Q: What’s making you happiest in your practice these days?
Dr. Lamm: I enjoy trying to fix difficult problems. I like to be innovative. As you can tell from these conversations, I want to design and improve all the things that we do, and not only help a particular patient, but patients to come.
I also teach. I’ve had a fellowship program where I have a one-on-one apprenticeship with a young doctor who could go hang his or her shingle but chooses to spend a year with me. I’ve trained 18 fellows, who are a great help with my practice, and I’m guiding them not only on the medical-surgical aspects but giving them a lot of other advice that will help them in their careers.
“I want to design and improve all the things that we do, and not only help a particular patient, but patients to come.”
Q: Tell us a little about your family.
Dr. Lamm: I have two sons and a daughter, and I’m a very proud dad. My two sons are U.S. champion sailors.
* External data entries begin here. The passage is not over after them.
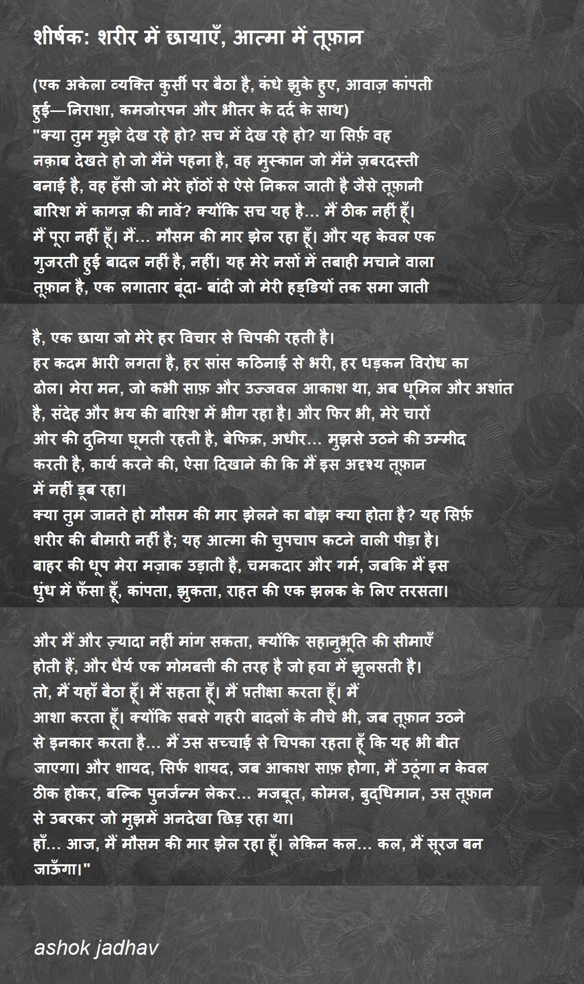 "क्या तुम मुझे देख रहे हो? सच में देख रहे हो? या सिर्फ़ वह नक़ाब देखते हो जो मैंने पहना है, वह मुस्कान जो मैंने ज़बरदस्ती बनाई है, वह हँसी जो मेरे होंठों से ऐसे निकल जाती है जैसे तूफ़ानी बारिश में कागज़ की नावें? क्योंकि सच यह है… मैं ठीक नहीं हूँ। मैं पूरा नहीं हूँ। मैं… मौसम की मार झेल रहा हूँ। और यह केवल एक गुजरती हुई बादल नहीं है, नहीं। यह मेरे नसों में तबाही मचाने वाला तूफ़ान है, एक लगातार बूंदा-बांदी जो मेरी हड्डियों तक समा जाती है, एक छाया जो मेरे हर विचार से चिपकी रहती है।
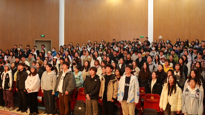 讲座最后,郭老师带领全体同学齐声诵读梁启超先生的《少年中国说》,将本次讲座气氛推上高潮。“美哉,我少年中国,与天不老!壮哉,我中国少年,与国无疆!”铿锵有力的词句响彻报告厅,观众席上同学们的赤诚热血交相辉映,形成震撼的红色海洋!
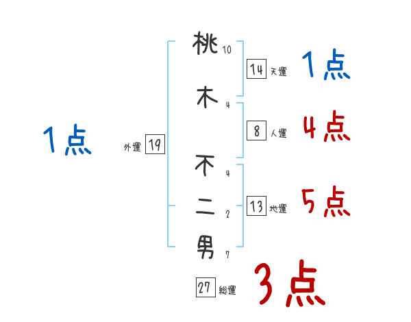 総運![]() | 桃木不二男さんの総運は27画の3つ星!頭脳明晰だが強情で摩擦が多い傾向。孤立に注意。 あなたの人生を表す1番重要な運勢です。生涯を通じて影響する総合運となり、主に50歳以降の晩年期に影響を及ぼします。 |
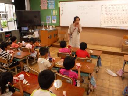 昨日のはみがき巡回指導に引き続き,各学級にてカラーテストを実施しました。歯垢を赤く染め出す錠剤を使って,どこに磨き残しが多いか確認しました。連日の歯みがきセットやタオルの用意など,ご家庭のご支援どうもありがとうございました。

As a team, they’ve won three U.S. championships, three years in a row — that’s never been done before in the youth class, under-19 age group — and they’ve been 14th in the world at the world championship. That means I’ve been able to travel Europe and South America and all over the U.S. with them for these events. My oldest is at Brown sailing, and my second son just got accepted there, so that’s a big, big proud dad moment.
My daughter’s 13, and just in the last year or so she’s really gotten involved with sailing with the younger brother when her oldest brother went off to college. My kids are really close because they sail together a lot, so that’s been a blessing.
Q: Any final thoughts on your time as a Key Opinion Leader and innovator with MedCAD?
Dr. Lamm: I’m happy to be involved with MedCAD because I see such a bright future in this kind of customized health care. They’ve been brilliant with oral maxillofacial work, but if we can use those same ideals and inspiration to help the foot and ankle world, I think it’s going to be fantastic. I think that’s really where the future’s headed, to where everything is patient-customized.